AutoGen v0.4 architecture

AutoGen v0.4 (the Python rewrite, released late 2024) changed significantly from v0.2. The key concepts relevant to MCP integration:

ConceptDescriptionMCP relevance
AssistantAgentLLM-backed agent that reasons and selects toolsRegistered as tool caller — decides when to call MCP tools
UserProxyAgentExecutes tool calls and manages conversation terminationRegistered as tool executor — actually runs the MCP call
register_functionBinds a Python callable to a tool name and descriptionThe bridge between Python wrappers and the MCP protocol
GroupChatMulti-agent conversation with speaker selectionDifferent agents can have different MCP tools registered
Streaminga_initiate_chat async interfaceMCP progress notifications interleave with conversation turns

Registering an MCP tool in AutoGen

The integration pattern is to wrap each MCP tool as an async Python function with type annotations, then register it. AutoGen infers the tool schema from the function signature — accurate type annotations and a clear docstring are critical because that's what the LLM uses to decide when and how to call the tool.

import asyncio
import os
import httpx
import json
import autogen

# Persistent HTTP session — reuse across all tool calls
_http_session: httpx.AsyncClient | None = None

def get_http_session() -> httpx.AsyncClient:
    global _http_session
    if _http_session is None or _http_session.is_closed:
        _http_session = httpx.AsyncClient(
            base_url="https://search.internal/mcp",
            headers={"Authorization": f"Bearer {os.environ['SEARCH_TOKEN']}"},
            timeout=30.0,
        )
    return _http_session

async def search_papers(query: str, max_results: int = 10) -> str:
    """Search academic papers by keyword or topic.

    Returns a JSON list of papers with title, authors, abstract, and URL.
    Use when the user asks for research papers, academic citations, or
    literature on a technical topic.

    Args:
        query: Search terms or natural language question
        max_results: Maximum number of results to return (1-50)
    """
    try:
        session = get_http_session()
        resp = await session.post("/", json={
            "jsonrpc": "2.0",
            "method": "tools/call",
            "params": {
                "name": "search_papers",
                "arguments": {"query": query, "max_results": max_results},
            },
            "id": 1,
        })
        data = resp.json()
        if "error" in data:
            return f"Search error: {data['error']['message']}"
        result = data["result"]
        if result.get("isError"):
            return f"Tool error: {result['content'][0]['text']}"
        return result["content"][0]["text"]
    except Exception as e:
        return f"Connection error: {e}"  # return string, never raise

# AutoGen agent setup
llm_config = {
    "model": "claude-sonnet-4-6",
    "api_key": os.environ["ANTHROPIC_API_KEY"],
    "api_type": "anthropic",
}

assistant = autogen.AssistantAgent(
    name="research_assistant",
    llm_config=llm_config,
    system_message="You are a research assistant that finds and summarises academic papers.",
)

user_proxy = autogen.UserProxyAgent(
    name="user",
    human_input_mode="NEVER",
    max_consecutive_auto_reply=10,
    code_execution_config=False,
)

# Register: caller decides when to call; executor runs the function
autogen.register_function(
    search_papers,
    caller=assistant,
    executor=user_proxy,
    name="search_papers",
    description="Search academic papers by keyword or topic",
)

The function signature drives schema generation: query: str becomes a required string parameter; max_results: int = 10 becomes an optional integer with default 10. Keep parameter types simple — AutoGen's schema inference handles primitives well; complex nested types may generate malformed schemas.
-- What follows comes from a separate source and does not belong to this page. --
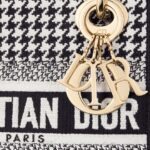 The Lady D-Lite bag combines classic elegance with House modernity. The style is fully embroidered with the black and white Houndstooth motif. A Christian Dior Paris signature accents the front, while pale gold-finish metal D.I.O.R. charms embellish and illuminate the silhouette. Equipped with a wide, reversible and removable embroidered shoulder strap, the miniature Lady D-Lite bag can be carried by hand or worn crossbody.

Error handling: return strings, not exceptions

In AutoGen, tool functions must return strings. An uncaught exception in a tool function aborts the current agent turn and may corrupt the conversation state. An error string is injected back into the conversation as a tool result, allowing the LLM to reason about the error and retry or escalate.

async def query_database(sql: str) -> str:
    """Execute a read-only SQL query against the analytics database.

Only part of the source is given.